Pflegeeinrichtungen sollen nach den Vorschlägen des Bundes zu Testkonzepten für den Herbst und Winter verpflichtet werden. Diese sollten "unabhängig vom Impfstatus mindestens zweimal wöchentlich obligatorische Tests für das Personal vorsehen", heißt es in dem Entwurf, der auch der Deutschen Presse-Agentur vorliegt. Alle Besucher von Pflegeheimen sollten ebenfalls ein frisches negatives Testergebnis vorweisen müssen - alternativ sollen die Einrichtungen Schnelltests anbieten müssen. Die Länder könnten für Besucher auch Zugang nur für Geimpfte oder Genesene (2G) vorsehen.

Booster-Impfungen bitte der Reihe nach

Die niedergelassenen Ärzte haben an die Bundesregierung appelliert, sich mit eigenen Empfehlungen zu den Corona-Auffrischungsimpfungen zurückzuhalten. Der Vorstandsvorsitzende der Kassenärztlichen Bundesvereinigung (KBV), Andreas Gassen, sagte am Dienstag in Berlin, abweichende Empfehlungen verwirrten nur. Die niedergelassenen Ärztinnen und Ärzte könnten alle empfohlenen Impfungen verabreichen, wenn die Rahmenbedingungen stimmten, sagte Gassen.

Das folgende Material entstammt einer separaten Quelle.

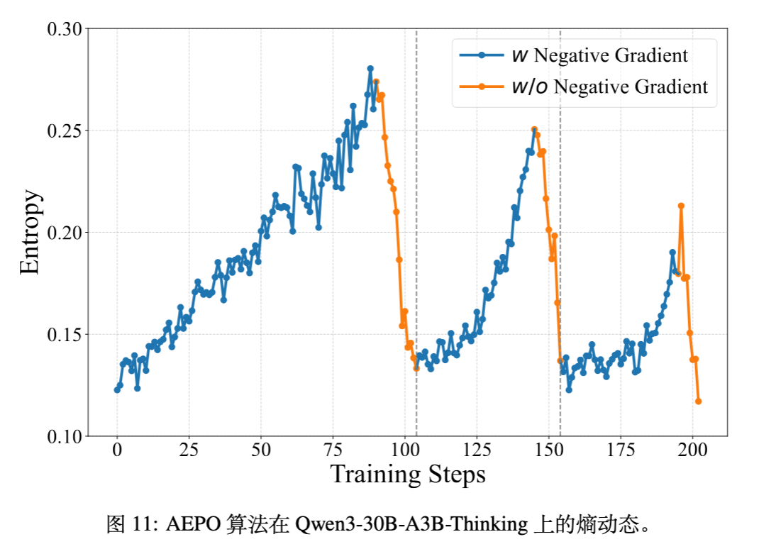 实验证明,AEPO 在保持探索(保留负梯度)和利用(去除负梯度)之间取得了最佳平衡,使模型能够稳定地进行多阶段训练。

Martin Scherer, Präsident der Deutschen Gesellschaft für Allgemeinmedizin und Familienmedizin, fügte hinzu, besonders dringend seien Auffrischungsimpfungen in Alten- und Pflegeheimen. Das Versagen aus den ersten Corona-Wellen dürfe sich nicht wiederholen, warnte Scherer. Unter den Corona-Toten sind überproportional viele alte Menschen aus Pflegeheimen.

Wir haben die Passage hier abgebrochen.